For accounts where intent accuracy matters -- routing logic, prioritisation, Explore reporting -- this creates a ceiling on how good the system can get. The only path to improvement is ongoing manual curation of intent definitions, which doesn't scale.

The gap
Intelligent Triage is positioned as a system that classifies tickets automatically, reducing manual handling. In practice, the accuracy floor is set at initial configuration and stays there. Agent corrections are a rich, continuous source of ground-truth signal and currently none of it feeds back into the model.

We've used the quality recommendations feature, worked through intent definitions, and reduced overlap. After all of that, we're still seeing a meaningful volume of misclassified tickets. The tooling for improving intent definitions is reasonable. The problem is that corrections made at the ticket level -- the most direct signal available -- are simply discarded.

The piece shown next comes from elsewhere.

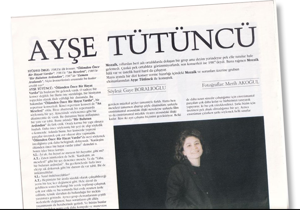 Sevgili Orhan Kahyaoğlu ve Burak Eldem’in unutulmaz Mozaik röportajı… Burak, Orhan, Serdar, Ayşe, Bülent ve ben 25 yaşındayız. Bildiğiniz genciz yani. 80 darbesi üstümüzden geçmiş; yolunu bulmaya, savrulmamaya, sisteme yem olmamaya, dahil olmamaya çalışan şaşkın gençleriz. Ama şimdiye kadar saydığım isimlere bakarsak, sisteme pek de yem olmamışız.

This was raised in the Intelligent Triage article comments in 2022. The response at the time was that the system didn't learn from agent feedback "at the moment." Three years on, confirmed with Zendesk support, the answer is the same.

What we're asking for
Agent corrections to the intent field should be used as a training signal to improve future classifications. This doesn't need to be real-time or fully automated. A supervised process where accumulated corrections periodically inform the model would be sufficient. The data already exists every time an agent overrides a classification.

Who this affects
Any account using Intelligent Triage at scale where intent accuracy is load-bearing -- routing automations, SLA triggers, or reporting built on intent as a dimension. The current model works reasonably well at launch and degrades in usefulness relative to the effort required to maintain it.